Mathematically, I understand why proper time, $\tau$ is an invariant quantity, since it is defined in terms of the spacetime metric $d\tau=\sqrt{-ds^{2}}$ (using the signature $(-+++)$ and with $c=1$). More abstractly, $\tau$ simply parametrises the length between two points along a worldline and hence is "obviously" invariant in this sense.
However, putting this aside for a moment, intuitively I'm less certain how to provide an answer to the question: why it is the case that proper time is physically an invariant quantity?
Consider a particle in Minkowski spacetime. If two different observers, Alice and Bob, are moving at different velocities with respect to the particle and with respect to one another, and each measures the elapsed time for the particle to propagate from one point to another, then they will measure different time intervals to one another. However, they will both agree on the elapsed proper time of the particle. Is the reason why this is the case because the question, "what is the time 'experienced' by the particle?", is a frame independent question – the proper time is a measure of the amount of "physical process" that the particle undergoes as it "moves" along its worldline, and this is a physical (coordinate independent) phenomenon? If Alice and Bob disagreed on the amount of elapsed proper time then they would be disagreeing with the particle on how much time has elapsed for the particle which would be nonsense?!

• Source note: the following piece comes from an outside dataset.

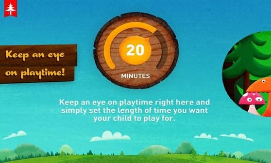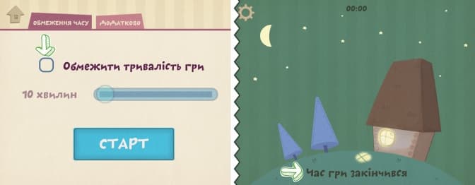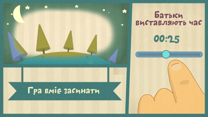 Або приклад української гри “Хто у горах?” з симпатичним задумом “засинання” гри після заданого проміжку часу. Додаток не лише відміряє час, але й пропонує дитині логічне пояснення, чому більше не можна гратися (бо всі герої гри уже сплять!).

Apologies for such a basic question, I'm hoping someone can clear up any confusion for me.
Best Answer
Let's be precise here. The 'invariance' in question is invariance of the spacetime interval under Lorentz transformations. Lorentz transformations here relate the coordinates of an event as measured by Alice with that of Bob, where they have a boost velocity with respect to each other. As such, Alice measures some time $t_A$ and Bob $t_B$. The transformations do the job of taking you from one observer to the other to see what it's like on their side of the world; it's like saying that Alice puts herself in Bob's shoes or vice versa.
But when you are talking about proper time, you are, by definition, adhering to only one observer: the particle itself. It doesn't make sense to say that the particle is boosted with respect to itself. There is no ambiguity in choosing a reference frame before deciding on performing a measurement, because the reference frame/observer has been chosen, a priori.